Thinnes shook his head. “And don’t get any ideas about snooping around on your own. You’re also a department consultant. That brings the exclusionary rule into play. The best thing you can do is just go about your business and be ready to testify when we get these creeps in court.”
Twenty-Two
The room was utilitarian—acoustical tile ceiling with standard fluorescent lights; semiglossed concrete
-block walls; no windows; polished linoleum floor; metal wastebasket; electric wall clock—four minutes fast. Metal and plastic stacking chairs surrounded a wood-look Formica table.
The public defender sitting across from the assistant state’s attorney was so short her head barely showed above the pile of legal folders in front of her—five-two and under a hundred pounds, dark-haired and brown eyed. She was wearing a public defender uniform, female version—suit, unrevealing blouse, unflashy jewelry, and matching heels. Attractive, but not a knockout. Four of the five men present, in their suits and ties, were sweating in the steam heat. Sitting to his lawyer’s left, Ron Hughes shivered in his Department of Corrections uniform—tan short-sleeved shirt and pants. He was white, five-eleven, and sallow complected, with red patches over his cheeks that made him look like he’d been drinking. He had high cheekbones and forehead, blue eyes, and a prominent Adam’s apple. His whiny, high-pitched voice sounded to Thinnes like fingernails on a blackboard. Fortunately, he was letting his lawyer do the talking.
“Here’s the deal,” she said. “My client pleads to murder-two and tells you what you want to know. If you get this other guy, he’ll testify.”
Thinnes lurched forward in his seat. “No way!”
On either side of him he could see Oster and Fuego copy his move. Fuego growled caramba; Oster muttered, “Christ!” Hughes put a finger in his mouth and started gnawing on the cuticle. He seemed to shrink into his shirt.

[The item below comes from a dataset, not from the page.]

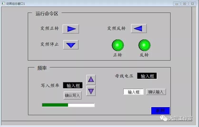 本小实验要完成的功能:在触摸屏端远程通讯设定变频器的频率;在触摸屏端控制变频器的正转、反转和停止,并将正转反转停止等信号用指示灯显示出来。

Across from the PD, the ASA didn’t turn a hair. “Not acceptable, counselor. Your client killed a police officer. We’ll accept murder-one and forgo the death penalty.”
“We’ll take our chances with a jury.”
“So will we. And by the time this case comes to trial, we’ll have a pile of physical evidence and a roster of witnesses that’ll make that circus in California look like a kids’ puppet show.”
“With the bereaved family sitting front row center,” Oster added. He’d been watching too much of the O.J. trial himself.